### WHAT YOU HAVE TO DO
Starting with the line containing "为此,针对新能源汽车的火灾事" and going on through the line containing "Senjie 2025 Velvet", return the lines of the data below exactly, and only those.

### INFORMATION SHOWN
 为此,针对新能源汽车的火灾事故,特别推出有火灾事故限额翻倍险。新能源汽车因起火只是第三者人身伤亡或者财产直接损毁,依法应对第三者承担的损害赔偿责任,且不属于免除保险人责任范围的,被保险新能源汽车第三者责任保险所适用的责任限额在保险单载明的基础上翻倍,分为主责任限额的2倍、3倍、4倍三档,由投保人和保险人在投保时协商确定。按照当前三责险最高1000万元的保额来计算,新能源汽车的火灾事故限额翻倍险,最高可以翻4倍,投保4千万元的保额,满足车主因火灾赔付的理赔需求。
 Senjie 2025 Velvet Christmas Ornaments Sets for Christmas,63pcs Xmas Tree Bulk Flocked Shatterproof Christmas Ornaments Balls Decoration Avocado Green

...

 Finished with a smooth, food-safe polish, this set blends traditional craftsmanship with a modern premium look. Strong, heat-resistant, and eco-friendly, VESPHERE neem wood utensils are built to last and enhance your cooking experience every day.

### WRITTEN ANSWER
 为此,针对新能源汽车的火灾事故,特别推出有火灾事故限额翻倍险。新能源汽车因起火只是第三者人身伤亡或者财产直接损毁,依法应对第三者承担的损害赔偿责任,且不属于免除保险人责任范围的,被保险新能源汽车第三者责任保险所适用的责任限额在保险单载明的基础上翻倍,分为主责任限额的2倍、3倍、4倍三档,由投保人和保险人在投保时协商确定。按照当前三责险最高1000万元的保额来计算,新能源汽车的火灾事故限额翻倍险,最高可以翻4倍,投保4千万元的保额,满足车主因火灾赔付的理赔需求。
 Senjie 2025 Velvet Christmas Ornaments Sets for Christmas,63pcs Xmas Tree Bulk Flocked Shatterproof Christmas Ornaments Balls Decoration Avocado Green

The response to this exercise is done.